With sites becoming increasingly “full” with the focus on design, regardless of the simplicity, the explosion of CSS and it’s management is burdensome. There are some tools; some processes, but working with CSS on a “code level” has still got a long way to go. Yes, there’s SASS, which can help, but you’re still dealing with a myriad of artifacts. Let’s look at a simple block, for example:
There are 3 basic elements involved: a container block, a header and a body. This is just one block with 3 different CSS declarations. On a simple site, that’s only 3 artifacts you need to:
* name
* code
* maintain
* version control
* test
Scale that effort across a decently-sized site/project and you quickly end up with an insurmountable number of artifacts. And one of the biggest challenges facing just about every programmer is coming up with names!
Name for a library. Name for a class. Name for a method. Name for a variable. Name for a stored procedure. Name for a table. Name for a view. Name for a controller. Name for a document. Name for style. In code, it can be relatively easy since it’s all function-based. CSS is a little different.
Sometimes you name it according to function, but you can’t always recognize it that way as a reference point (later on in time). For example: the function of the block above might be something quite general: “information-block”. But later on the same site, you have a similar function “information-block” that looks different.
It’s subtle. But different. So you try “light-header-information-block” and “dark-header-information-block”. Ugh. It’s getting bad, so you go with abbreviations: “lthdr-info”, “dkhdr-info”. Ugh. Worse. Maintenance nightmare. So you try a different strategy, name things according to area: “new-info-block”, “forums-info-block”. That gets wieldy, so you break up the CSS files into: news.css, forums.css, assessments.css.
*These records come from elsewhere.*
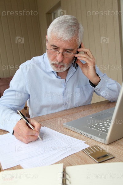 Старший мужчина говорить на мобильном телефоне
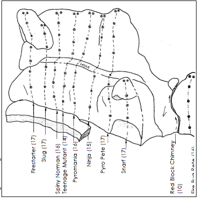 Just left of Teenage Mutant, and the last climb on the wall to cross the large ledge. Climb directly up the face, cross the ledge then continue up the head wall. |
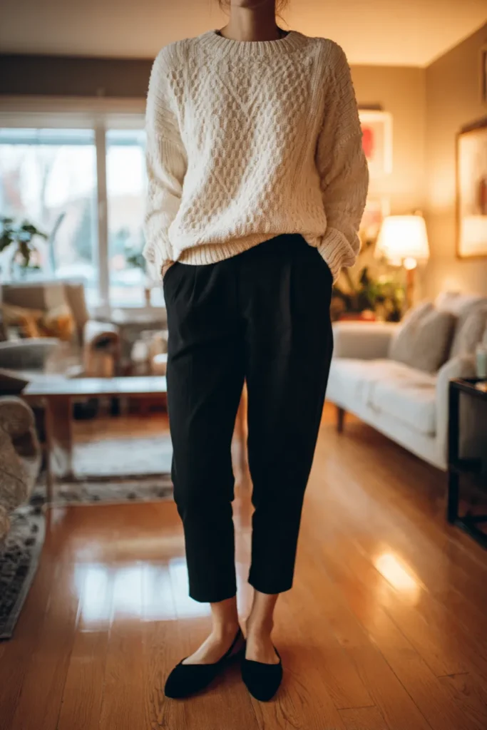 Cozy Knit Sweater With Tailored Black Trousers
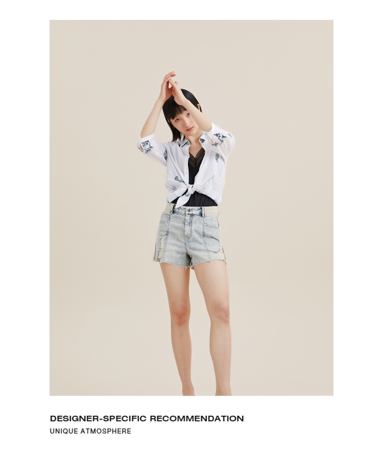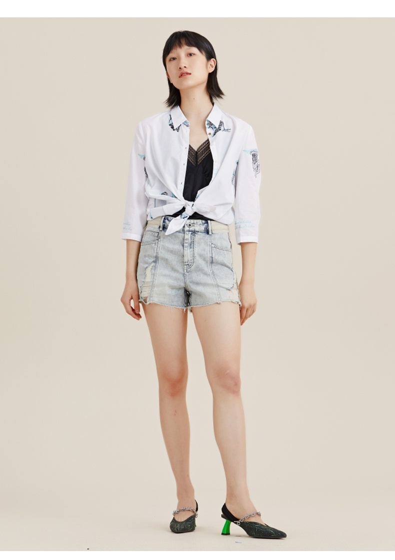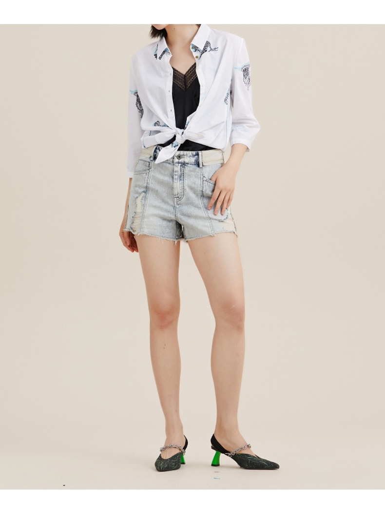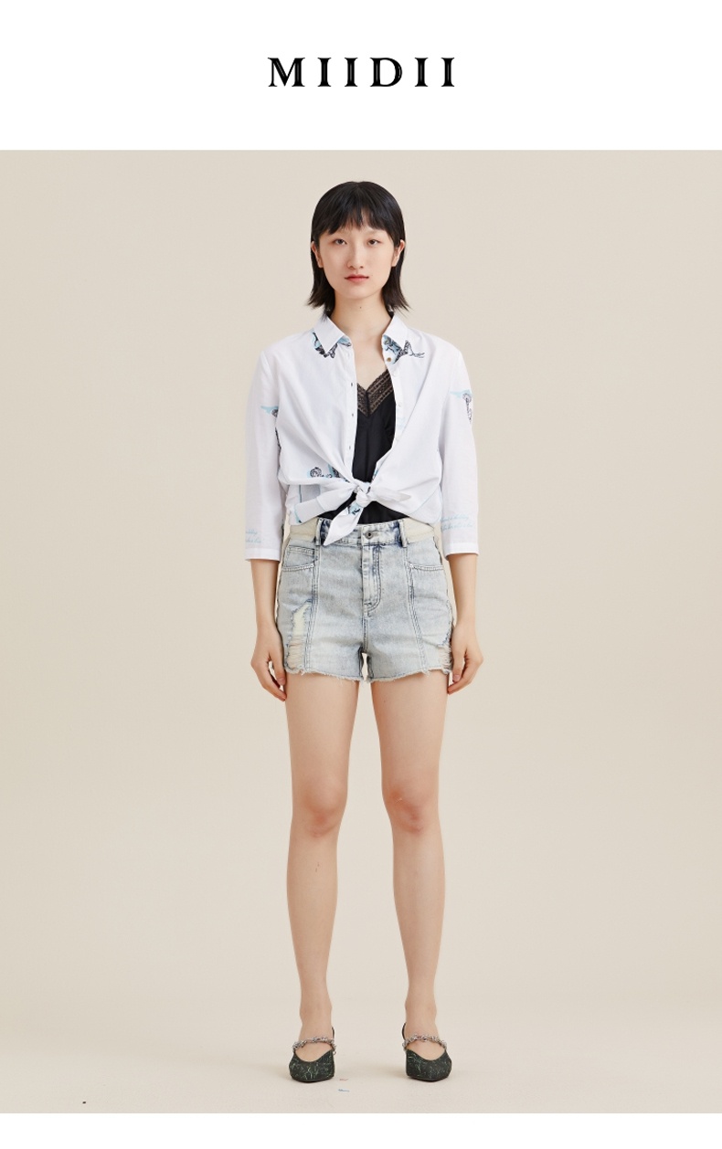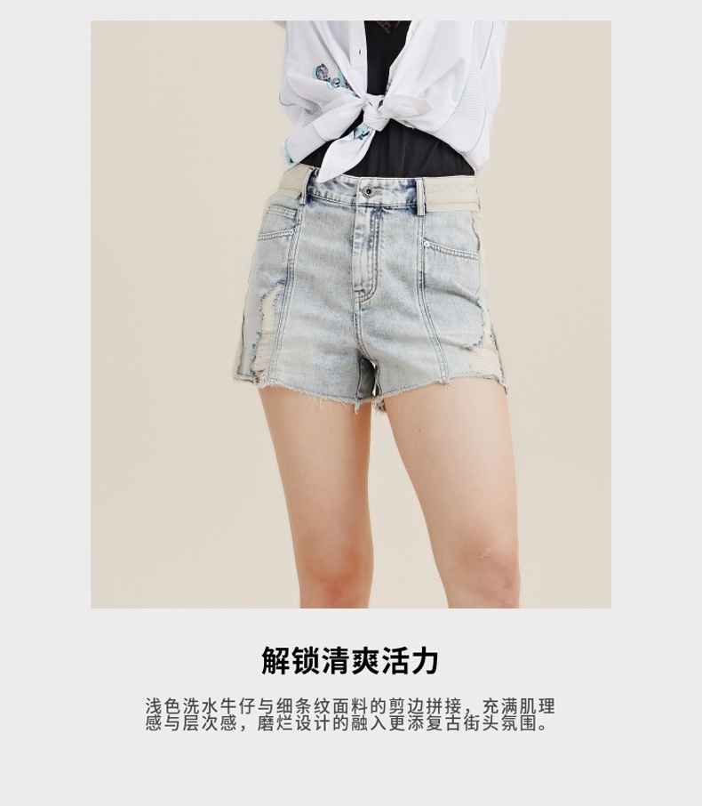 MIIDII/谜底牛仔短裤女21夏新品个性洗水破洞休闲运动212MK0716

Inside there, you have an “info-block” definition and then just make sure you only pull in the relevant stylesheet. Meh.
Then you get those general, across-the-site-but-not-always, styles. It’s not easy. Then you throw IE into the mix or vendor-specifics and.. well.. your 3 artifacts just got trickier. And then let 2 or more front-end guys loose on the same site with their own thinking and logic…
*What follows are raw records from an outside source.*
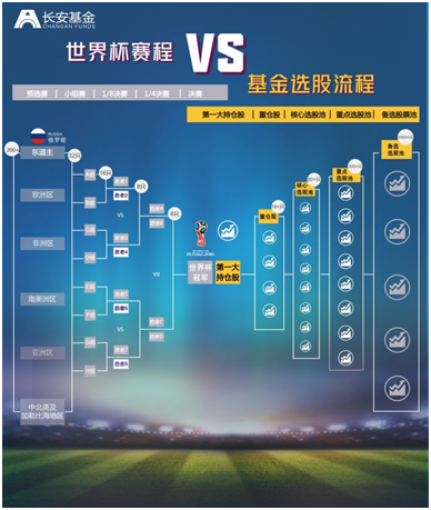 伴隨著世界杯的進(jìn)行,小安突然發(fā)現(xiàn)其實(shí)基金公司的選股流程與世界杯冠軍的晉級(jí)之路頗有些異曲同工之處。世界杯冠軍要從預(yù)選賽、小組賽,1/8決賽、1/4決賽,半決賽、決賽一路斬關(guān)過將最終捧得大力神杯。而基金公司選出最終的重倉(cāng)股其實(shí)也要經(jīng)過層層篩選的過程,從最初1000多只備選股票池中挑選出重倉(cāng)股。小安今天就給大家講講世界杯賽程與基金公司選股之間的聯(lián)系。當(dāng)然每家基金公司的選股流程還是會(huì)根據(jù)實(shí)際情況略有不同,小安的一家之言僅供各位參考。
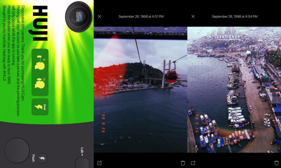 แอปพลิเคชันถ่ายภาพจากดีเวลลอปเปอร์ชาวญี่ปุ่นที่มีคอนเซปต์สุดแข็งแรงอย่าง “เหมือนกลับไปถ่ายด้วยกล้องใช้แล้วทิ้งในปี 1998” แค่ชื่อแอปก็รู้แล้วว่าโทนภาพจะออกมาคล้ายกับฟิล์มยี่ห้ออะไร ทั้งอุณหภูมิสีและความชัดของภาพนี่ได้อารมณ์จริง ๆ แถมยังไม่ต้องรอเวลาล้างฟิล์มอีกด้วย ถ่ายปุ๊บ สามารถเข้าไปดูภาพทั้งหมดที่ถ่ายในแอปได้เลย ชอบภาพไหนก็เลือกบันทึกลงในอัลบั้มรูปบนสมาร์ทโฟน Huji Cam ยังมีลูกเล่นสนุก ๆ ที่ดีไซน์หน้าตาให้เหมือนกล้องใช้แล้วทิ้ง ต้องเอาตาของเราไปวางใกล้ ๆ วิวไฟน์เดอร์เหมือนกับกำลังจะถ่ายกล้องฟิล์มจริง ๆ วิวไฟน์เดอร์ถึงจะขยายใหญ่เต็มจอให้ เท่สุด ๆ
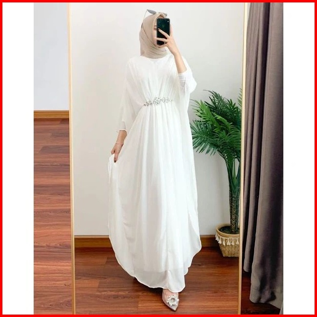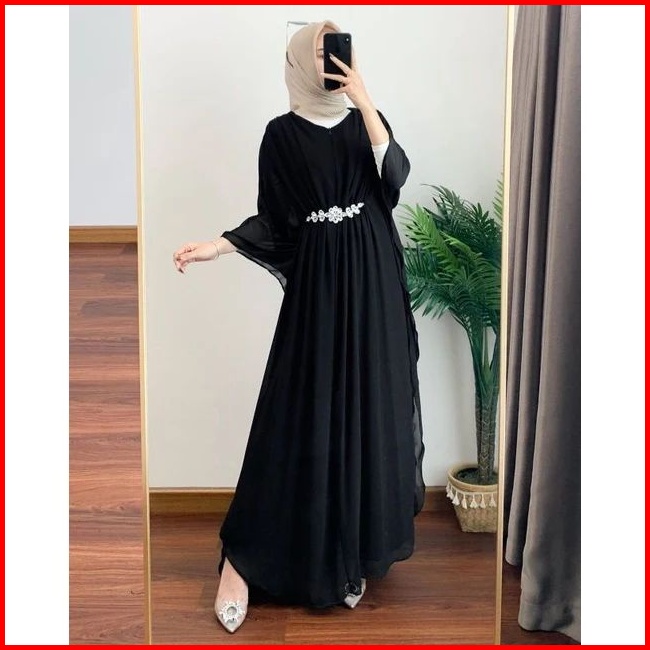 Gamis Kaftan Ceruty Baby Doll Model Batwing Zipper Depan Busui Friendly Ada Tali Di Belakang Full Furring Di Bagian Depa
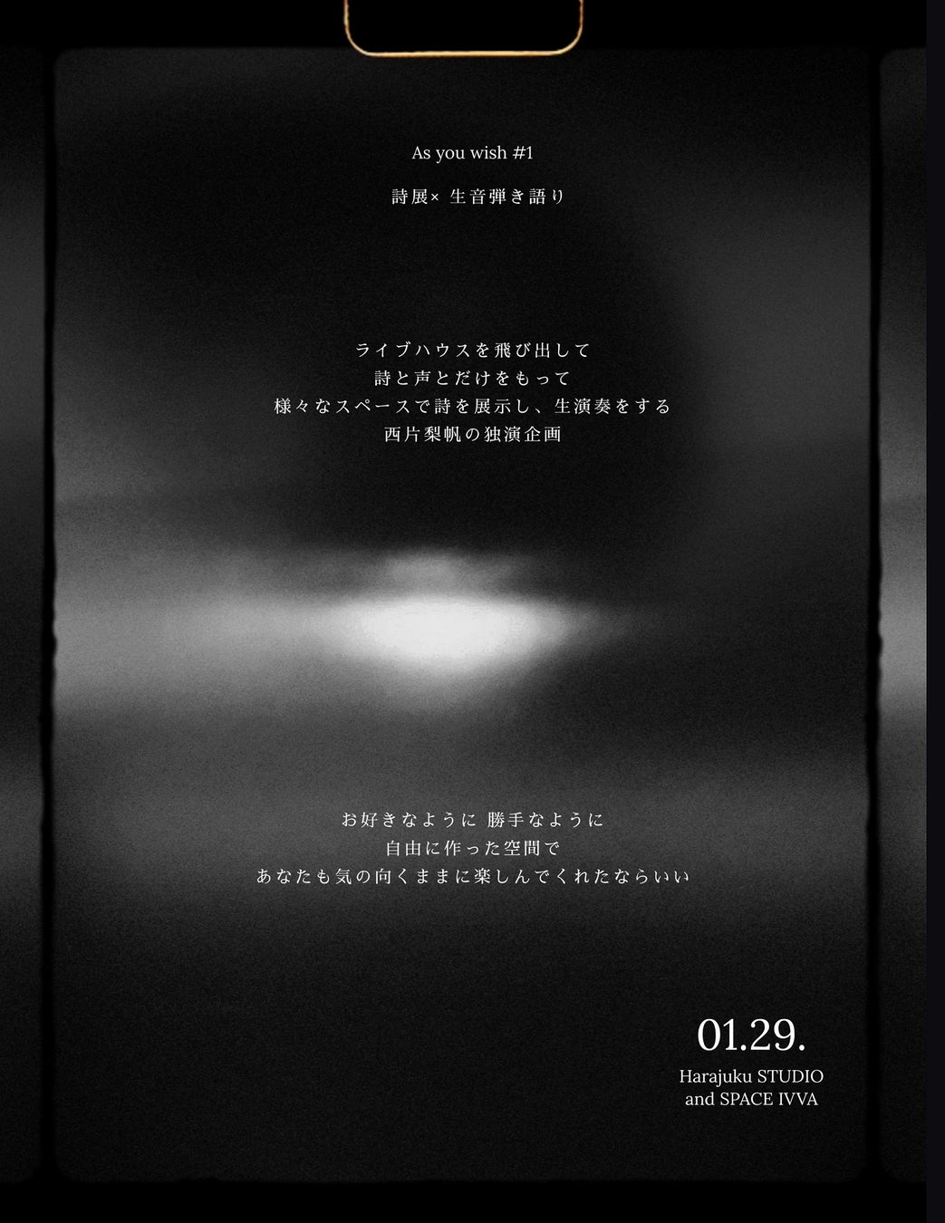 詩の世界観に注目を浴びているシンガーソングライター/表現家の西片梨帆、詩展×生音弾き語りの新企画「As you wish」の開催が決定した。本企画は、普段活動しているライブハウスを敢えて飛び出し、詩の展示と生演奏を様々なスペースで行う、まさに詩と声を持ちだした独演企画となっている。

Ok. So while I don’t have a silver bullet here, I do have some strategies for dealing with the pain efficiently (as might be). Some already mentioned. Another is in the naming of sub-elements. As a guideline, I only focus on naming the bigger containing elements.
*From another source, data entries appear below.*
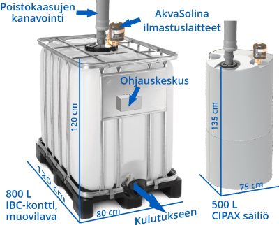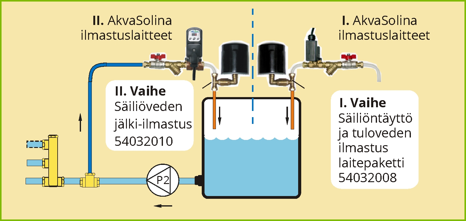 - AkvaSolinan säiliöilmastuslaite hapettaa veden säiliön täytön yhteydessä.
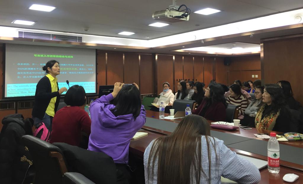 11月23日,厦门大学教育研究院郑若玲教授应邀作客学部教育史研究系列“元晖论坛”,为学部师生作了题为“高校招生中的统一考试与综合评价——从美国大学可免试入学改革谈起”的专题学术报告。报告会由学部教育史学科负责人曲铁华教授主持,师生互动环节由王凌皓教授主持。学部部分青年教师和学生参加了报告会。
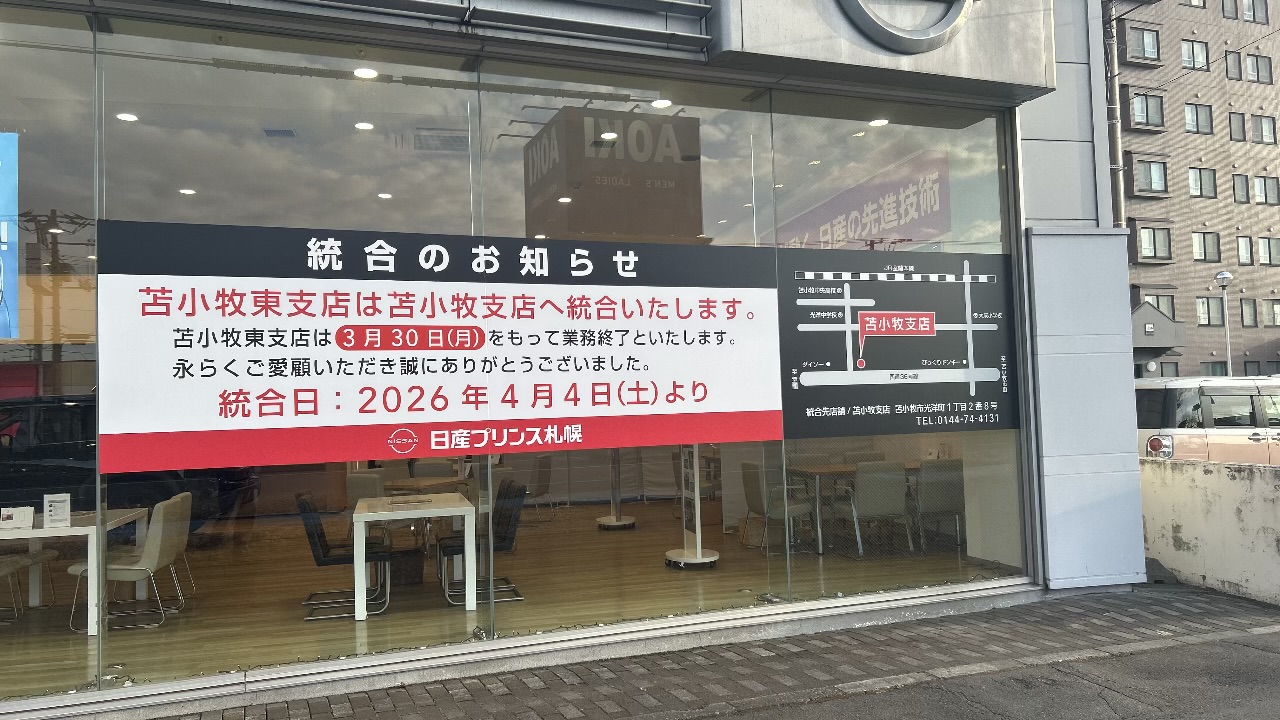 柳町4丁目、国道36号線沿いにある「日産プリンス札幌 苫小牧東支店」が営業を終了し、本日2026年4月4日(土)から光洋町の「苫小牧支店」へ統合されることがわかりました。

So, .info-block-wrapper { } for example. The nested elements we can always derive.
.info-block-wrapper .header {}
or
.info-block-wrapper .body {}
are easy. Even:
.info-block-wrapper div.header {}
Or just:
.info-block-wrapper div {}
where applicable.
Problem is using class=”header” and class=”body” is going to cause some issues just because they are such general names. So I prefix general names with the beloved underscore. Meh. _header and _body. As a co-operative to that guideline, I *never* define a _class style on it’s own. It’ll always be as a nested definition:
.info-block-wrapper _header {}
never
_header {}
This helps maintain some level of sanity while navigating through thousands of ephemeral definitions (yes, designs iterate way more than functional code) over the lifetime of a project with potentially as many front-end workers.
And then of course, there’s also the performance of CSS to consider. In terms of engineering, yes, CSS still has a way to mature while it also has the responsibility of being the most noticeable deliverable: a double edged sword if there ever was.